PyData NYC 2022

Herding Entities: Information Search and Synthesis in the Context of Transaction Data
11-10, 14:15–15:00 (America/New_York), Winter Garden (5th floor)

Entity search and synthesis underlies transaction enrichment at Ntropy. Access to clean and detailed company information is a prerequisite to deep understanding of financial data. In this talk we outline how various data sources including some popular search engines, document and vector databases, with the help of clever heuristics and ranking models, are utilized to fully recognize participants of a transaction, and consequently enable more involved analysis.


At Ntropy we deal with noisy and frequently obfuscated transaction information. We strive to extract as much relevant information as possible from available data sources in order to enrich transactions with data.
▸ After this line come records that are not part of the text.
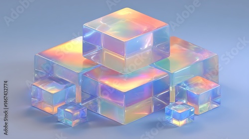 Iridescent Cubes Pastel Geometry on Blue.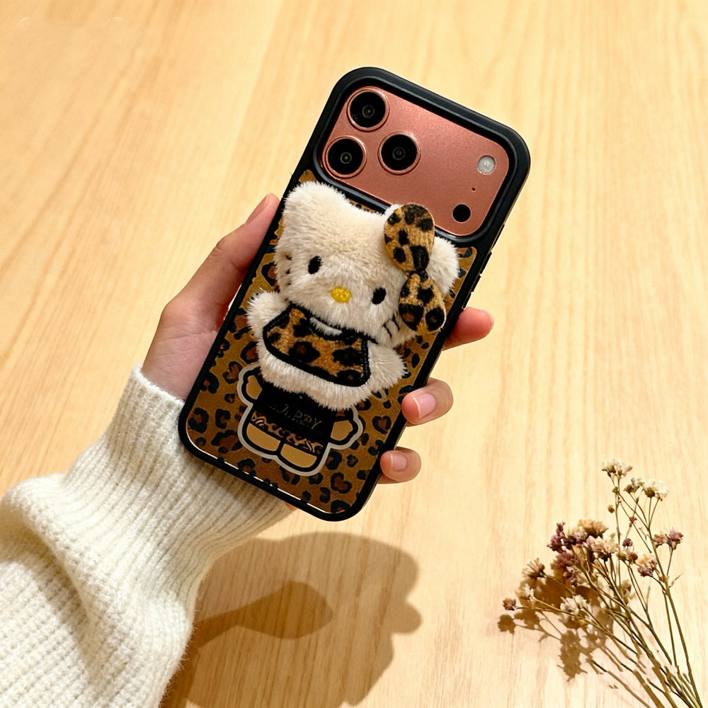 Leopard print Hello Kitty magnetic phone case for iPhone 17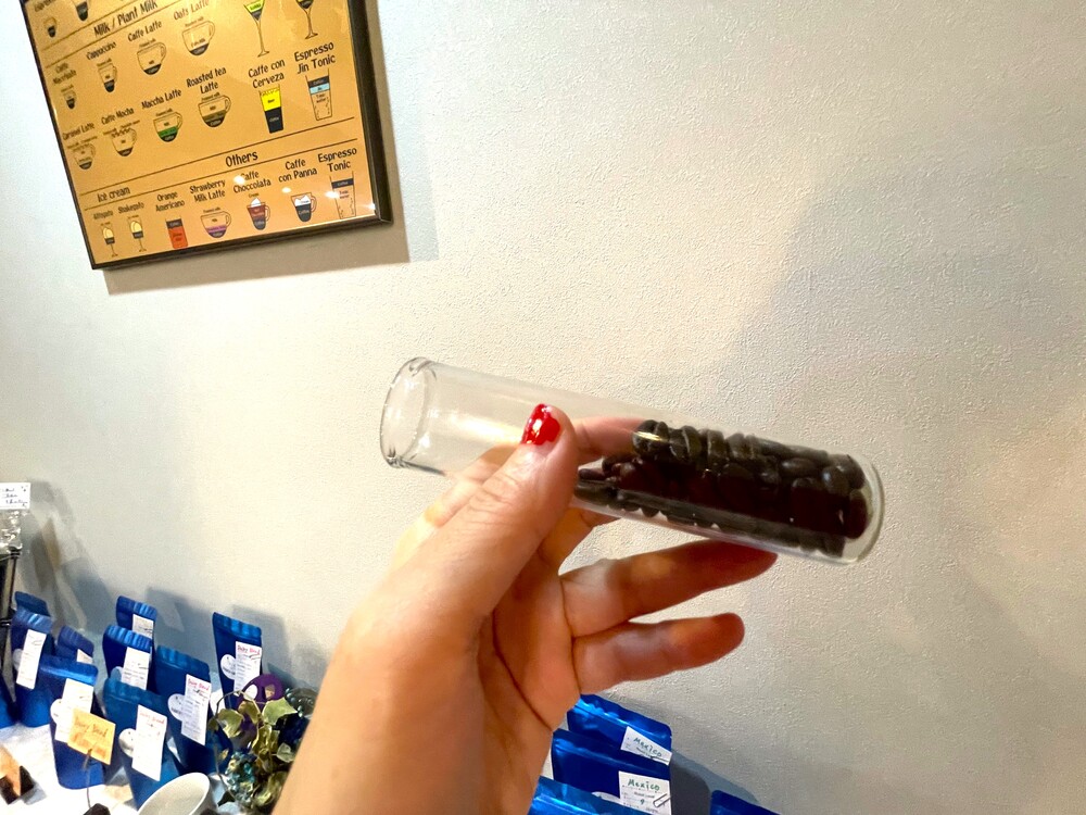 販売コーナーには、豆のサンプルがありました。自分の五感で色や香りを確かめられるようになっています。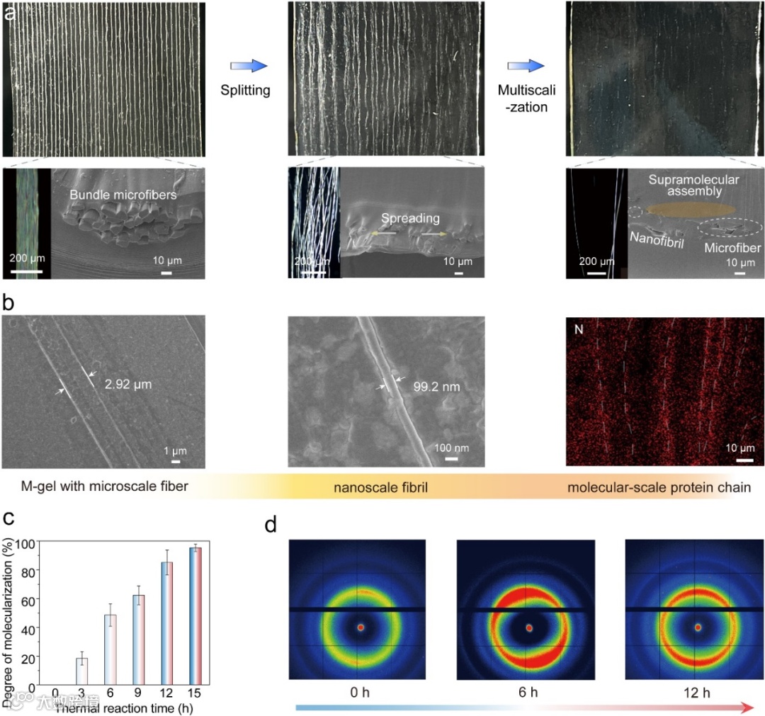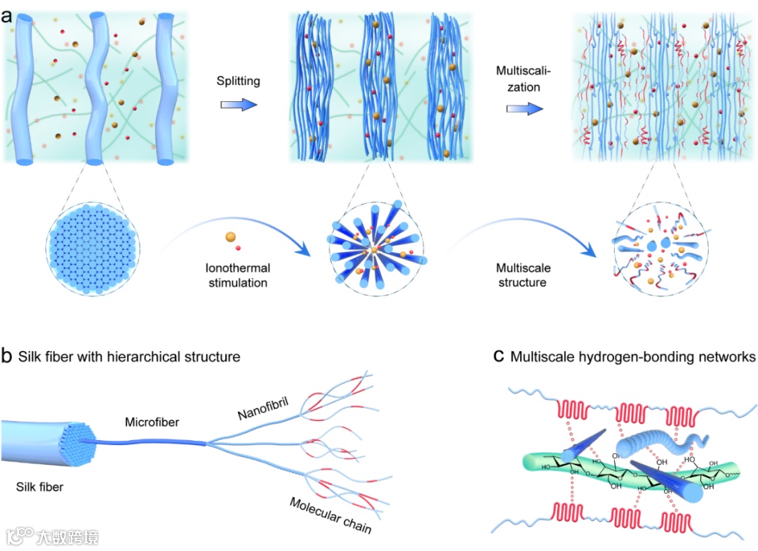 木质纤维素与丝素纤维都是人们熟知的天然高分子聚合物,纤维素分子链上丰富的羟基结构赋予其多元化的氢键拓扑网络构效设计,丝素纤维作为一种宏观上强韧的纤维材料得益于其微观上独特的蛋白质多尺度结构,高度结晶的β折叠构象赋予其优越的刚度和韧性。因此可以在分子尺度调控设计两种天然高分子物质,赋予材料更新颖、更强大的性能。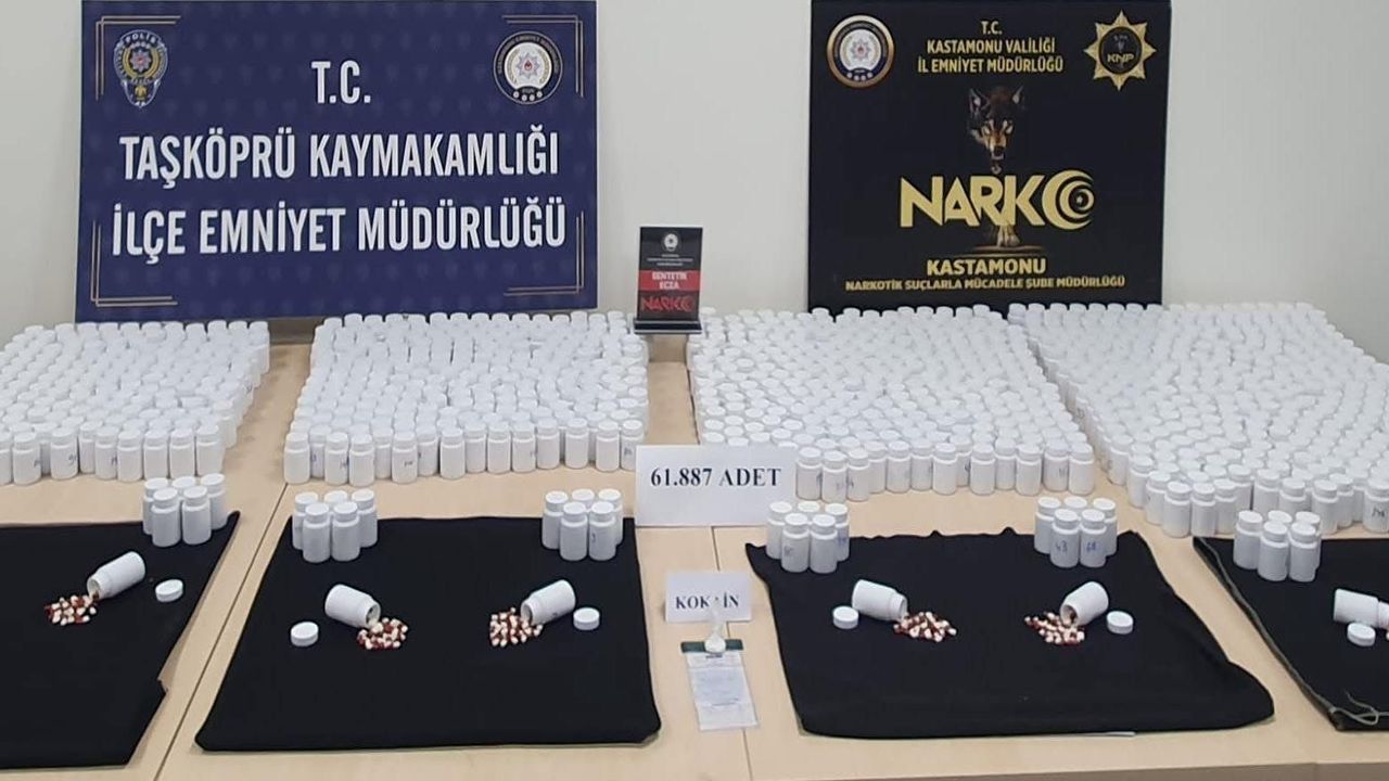 Edinilen bilgiye göre, Kastamonu İl Emniyet Müdürlüğü ile Taşköprü İlçe Emniyet Müdürlüğü ekiplerince şüphe üzerine iki araç durdurularak arama yapıldı. Taşköprü ilçesinde durdurulan iki araçta yapılan aramalarda 3 gram kokain ve 61 bin 877 adet sentetik ecza hapı ele geçirildi.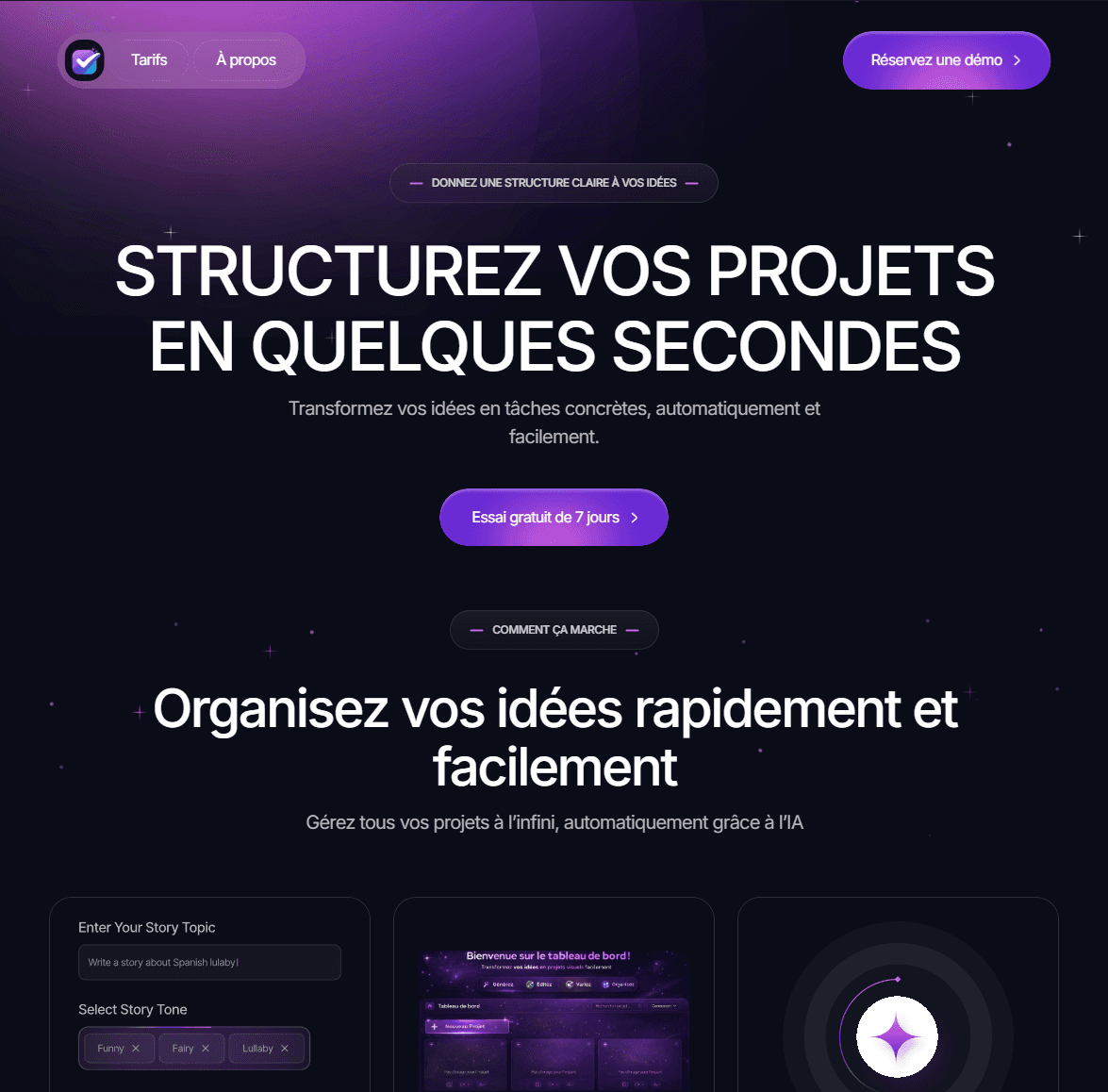 Collaboration fictive — Conception d’un site moderne pour une plateforme IA permettant de structurer et organiser des projets en quelques secondes. Objectif : simplifier la compréhension du produit, valoriser l’automatisation par IA et maximiser les inscriptions à l’essai gratuit.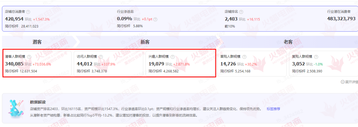及時(shí)處理退款售后,加快物流和發(fā)貨攬收速度,提升店鋪DSR評(píng)分。針對(duì)用戶消費(fèi)情緒,火蝠電商更是做好了店鋪用戶體驗(yàn)管理舉措,及時(shí)做好安撫,適當(dāng)折扣讓利,減少差評(píng)和“問大家”板塊等負(fù)面內(nèi)容的影響。截至十月下旬,品牌店鋪潛/新客資產(chǎn)結(jié)構(gòu)得到明顯優(yōu)化。潛客人群規(guī)模超過34萬,店鋪總消費(fèi)人次超過42萬。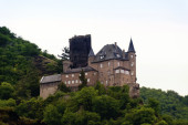 Widok z lasu do zamku Eltz koło Koblencji w Niemczech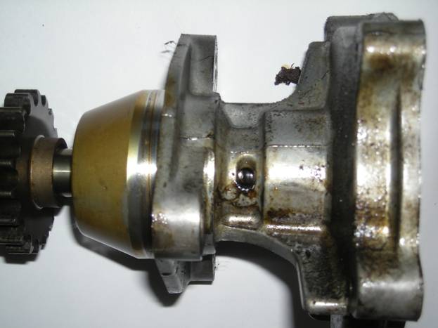 You can see some residue from the seep hole in the old water pump.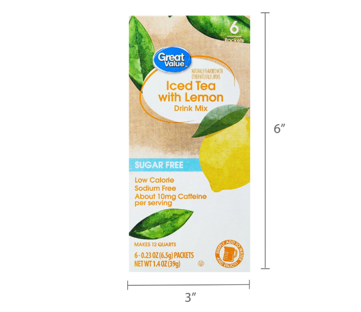 Great Value Sugar-Free Iced Tea with Lemon Powdered Drink Mix, 0.23 oz, 6 Packets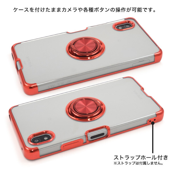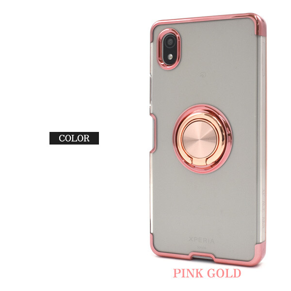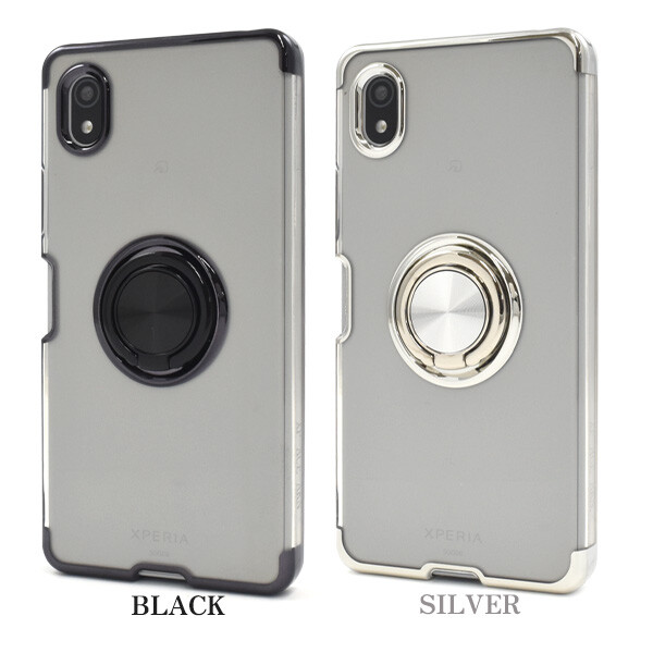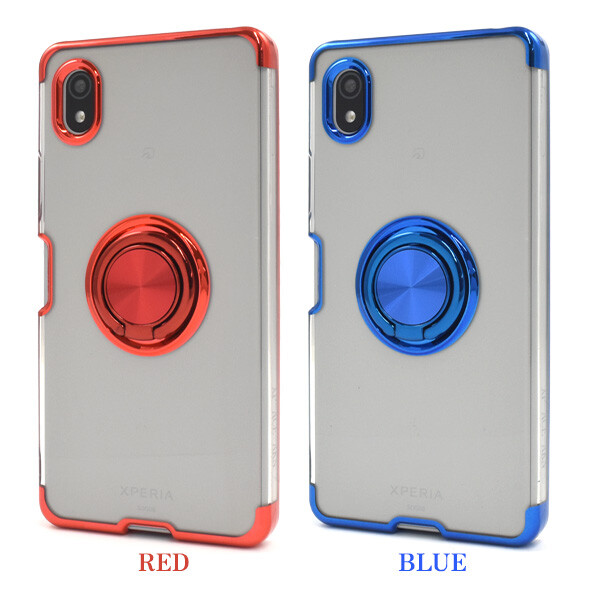 落下防止用のスマホリングが付いた、Xperia Ace III 専用のメタルカラーバンパーソフトクリアケースです。

Full understanding of the nature of a transaction requires us to obtain correct and useful information on the entities recognized in its description. For this purpose we make use of popular search engines as well as our own company databases. We show how carefully constructed indexes of documents, vector embeddings, together with ranking models help us find relevant pieces of information in the sea of noise and stitch it together into a final form.

We show how in the environment of cluttered, frequently inaccurate data with very little ground truth, we are able to tweak our heuristics, train models to deliver valuable entity information in performant and robust ways.

We also discuss how our internal labeling services aid us in this process, and how all of the intricate steps are orchestrated as reusable pipelines.


Prior Knowledge Expected

No previous knowledge expected

I graduated from Theoretical Computer Science at Jagiellonian University in Kraków. Since then, I have been designing and developing ML solutions at small to medium size startups. I am currently working at Ntropy where my main focus is entity search.